A few years ago the book Nudge by Cass Sunstein and Richard Thaler (2009) was very popular; apparently politicians were taking it on holiday as beach reading. I see that there is a forthcoming book (2015) by David Halpern called Inside the Nudge Unit; its Amazon description starts:

“Behavioural scientist Dr David Halpern heads up Number 10’s ‘Nudge Unit’, the world’s first government institution that uses behavioural economics to examine and influence human behaviour, to ‘nudge’ us into making better decisions. Seemingly small and subtle solutions have led to huge improvements across tax, healthcare, pensions, employment, crime reduction, energy conservation and economic growth.”
The much debated “sugar tax” is presumably a recent application of the nudge principle: a small increase in the price of sugar-containing goods will (or might) change behaviour by stopping some people eating quite as much sugar as they have, leading to a reduction in obesity levels.
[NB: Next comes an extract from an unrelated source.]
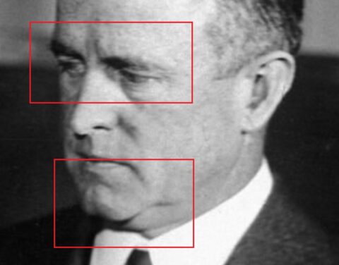 In this photo, there were: Surgical scars on Herbert Hoover’s and the three men’s faces. Possible surgical scars on Herbert Hoover’s right hand. Possible foreign objects in their eyes. Possible…

With millions of people you don’t need to make a big change to make a big difference.

Nudging means changing behaviour by making small changes. We know dramatic diets are often ineffective; indeed people often end up weighing more than they before dieting. When people fall off the diet wagon they think “what the heck”, and binge. Small changes to lifestyles are more likely to persist and have long-lasting effects than dramatic resolutions.

So I am reducing my medication, and doing it gradually. (A caveat: always discuss it with your healthcare professional before you change medication in any way. I did with mine, and they’re monitoring me in case I go downhill without appreciating it.) I’ve cut quetiapine from four to one a day, very gradually. I don’t feel so good after going down to just one but I’m hoping it’s just a blip.

And of course only change one thing at once, and give that change a chance to bed in and observe its effects. There are still many more things I want to change about my life so that I can find more time for writing, reading, and thinking, but this change is the big one for now. It will mean I need to sleep less and am more alert in the day.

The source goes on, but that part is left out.